RECORD EXCERPTS =>
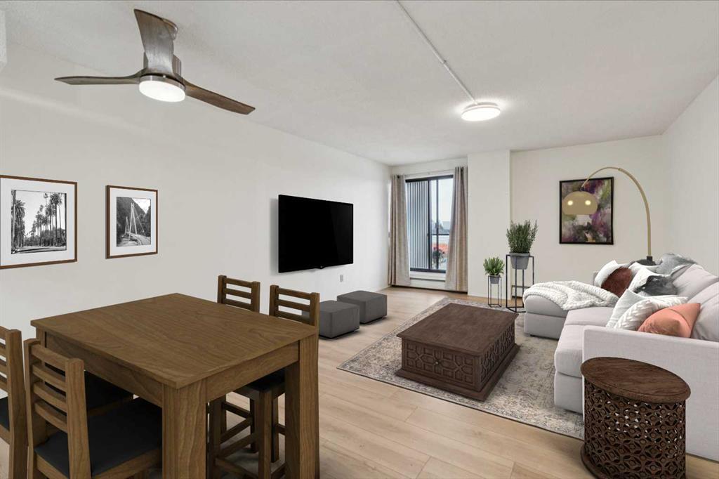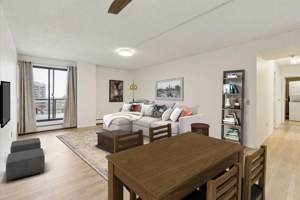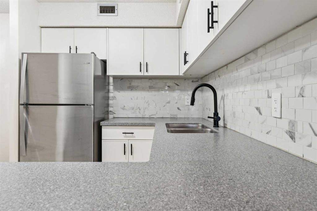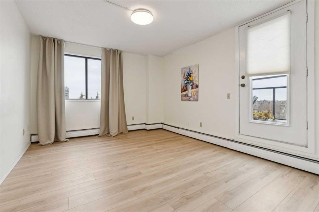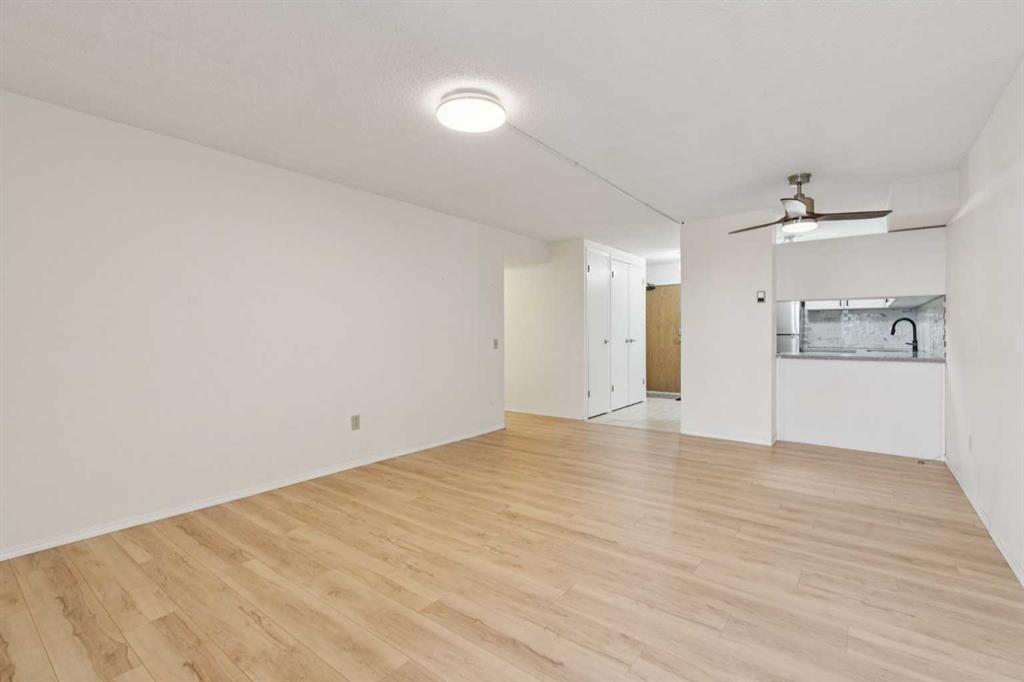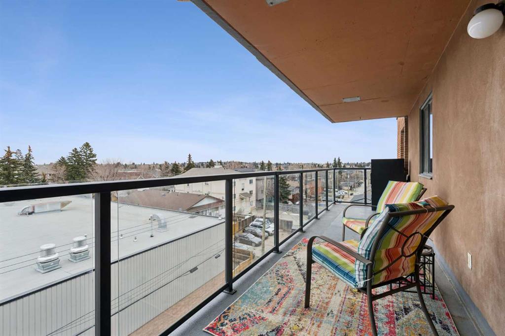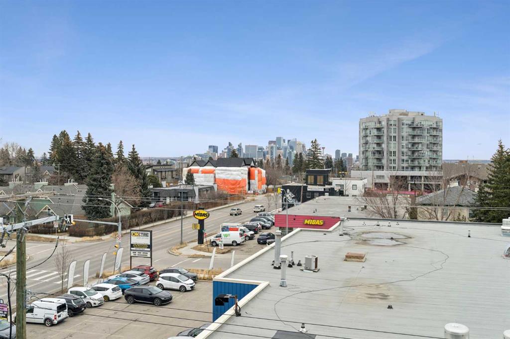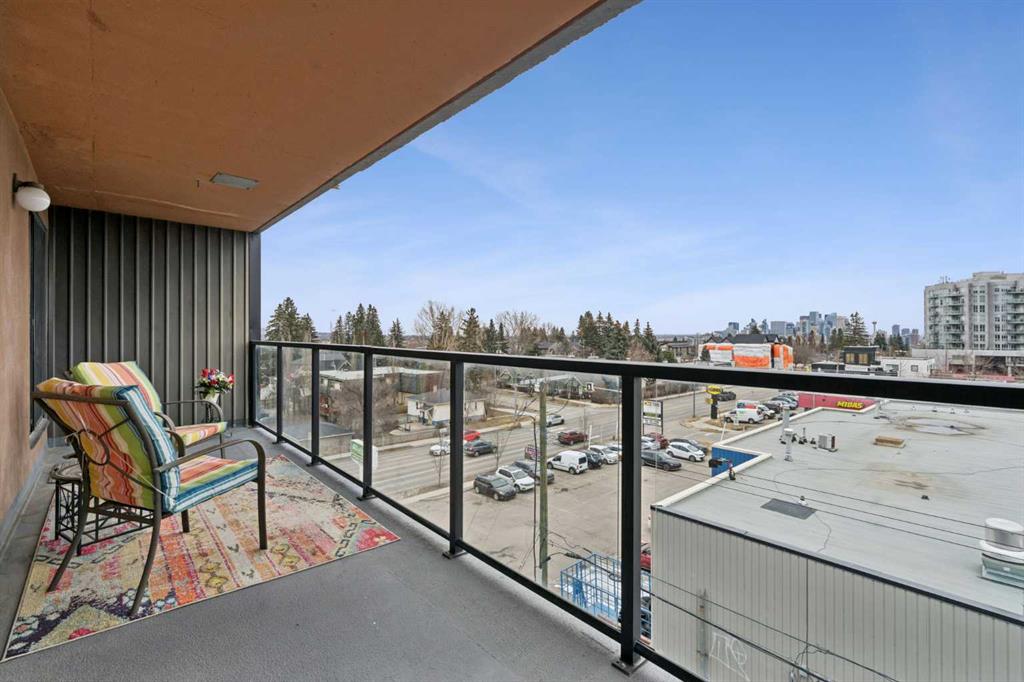 This is a large 2-bedroom, 1 bathroom, 860 SQ foot, 5th floor CORNER UNIT condo, in a concrete building, just off trendy 17th Avenue, but far enough away to enjoy the tranquility of what the Killarney community has to offer. From the TWO PRIVATE BALCONIES you will get a great look at the downtown skyline and from the other, a panoramic south view as far as the eye can see ! Between the two there is about 300 square feet of patio, with one of them catching the Calgary sunshine all day. Recently updated with a brand-new kitchen, including new cupboards, counter tops, and new S/S appliances, the 4-piece bathroom also had an impressive re-fresh, and there is new Luxury Vinyl plank flooring throughout the entire space! You will appreciate how spacious each of the bedrooms are, as they will fit virtually any size bed and bedroom furniture! The living room/ dining area are open to the kitchen and can accommodate a full-size dining table and still give you lots of options of how to place your furniture! No need to downsize in this space, in fact you may want to go buy a bigger couch ! The IN-SUITE LAUNDRY area features a full-size stackable washer & dryer and is conveniently tucked away at the end of the hallway. With only 6 floors, there will be virtually no waiting for the two elevators to take you up to your corner unit, access to the 7th floor ROOF TOP PATIO, or down to your HEATED & SECURED UNDERGROUND PARKING STALL. And if you have a special furry friend, they are most welcome with board approval. The condo fees cover heat & water, your will only need to pay for electricity ! Killarney is a wonderful community home to walking & bike pathways, parks, a community garden, outdoor courts, the Killarney pool, skating rinks, shopping, transit, and dog parks, all within walking distance ! Also close by is the Shaganappi golf course, the C-train, trendy restaurants, coffee shops, yoga studios, and more ! With easy access to Crowchild trail and Westbrook mall, you won’t have to travel far for anything ! This is inner city living without all the problems of being downtown. Wheelchair access at the front will make moving in a breeze, so what are you waiting for? Call your favorite Realtor® and come see this one soon !
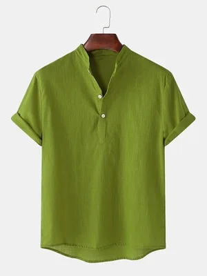 Provide Stylish Casual Shirts for Men Stand Collar Short Sleeve Shirts
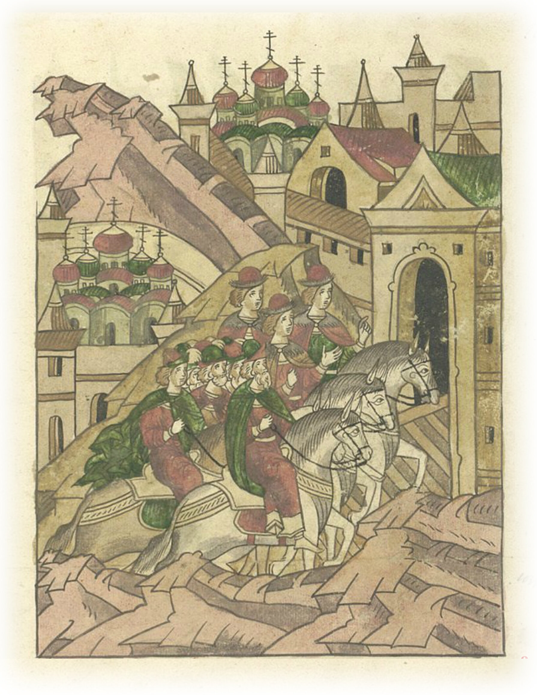Великий князь Дмитрий Иванович с братом Иваном Ивановичем и двоюродным братом Владимиром Андреевичем идет из Москвы во Владимир.
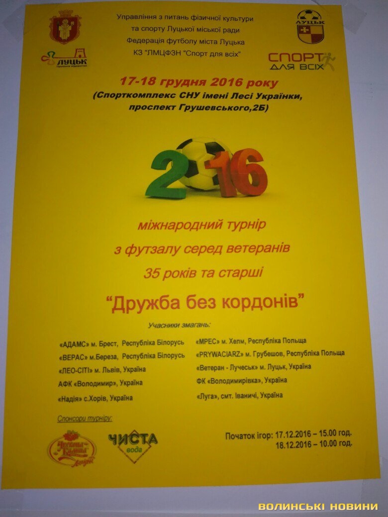 Участь в змаганнях взяли ветерани віком від 35 років та старші. Всього на паркеті змагалися десять команд: білоруські «Адамс» (Брест), «Верас» (м. Береза), польські «Prywaciarz» (Грубешов), МРЕС (Хелм), українські АФК «Володимир», «Ветеран-Лучеськ» (Луцьк), «Луга» (Іваничі), «Надія» (Хорів), ФК «Володимирівка» (за яку грав колишній нападник «Карпат» Тарас Кабанов), «Лео-Сіті» (Львів).
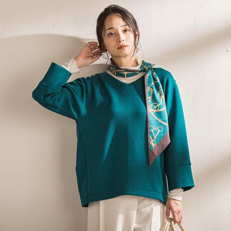 シンプルながら、暖かさ・カラー・きれい見えの三拍子が楽しめる万能トップスです。
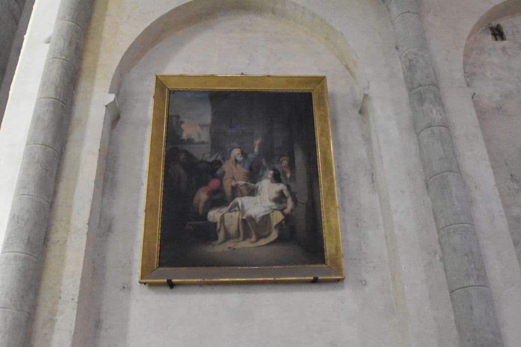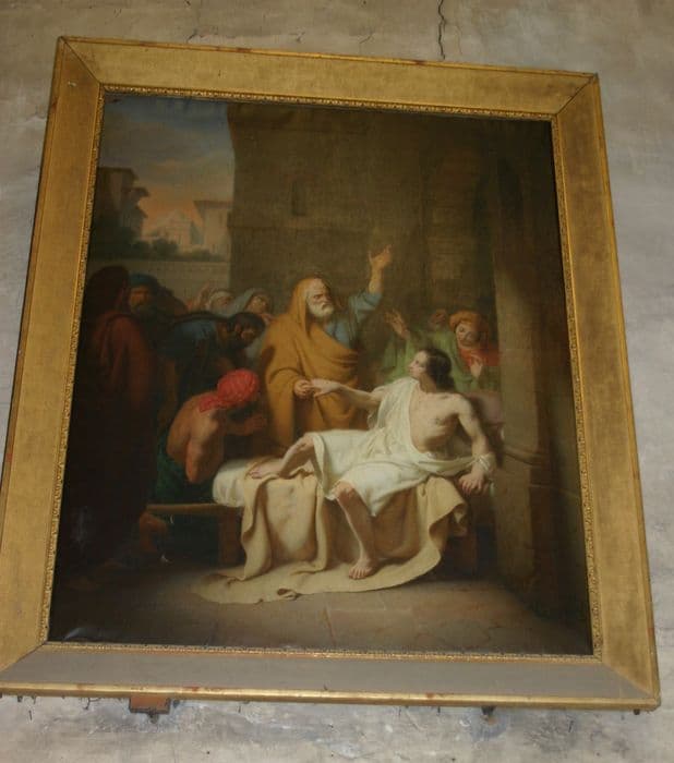 tableau et son cadre : saint Pierre guérissant un paralytique

DIRECTIONS FOR THIS TASK => Beginning with the line that contains "Великий князь Дмитрий", reproduce every line through the end of the records above exactly, leaving pictures out.

YOUR SOLUTION =>
Великий князь Дмитрий Иванович с братом Иваном Ивановичем и двоюродным братом Владимиром Андреевичем идет из Москвы во Владимир.
 Участь в змаганнях взяли ветерани віком від 35 років та старші. Всього на паркеті змагалися десять команд: білоруські «Адамс» (Брест), «Верас» (м. Береза), польські «Prywaciarz» (Грубешов), МРЕС (Хелм), українські АФК «Володимир», «Ветеран-Лучеськ» (Луцьк), «Луга» (Іваничі), «Надія» (Хорів), ФК «Володимирівка» (за яку грав колишній нападник «Карпат» Тарас Кабанов), «Лео-Сіті» (Львів).
 シンプルながら、暖かさ・カラー・きれい見えの三拍子が楽しめる万能トップスです。
 tableau et son cadre : saint Pierre guérissant un paralytique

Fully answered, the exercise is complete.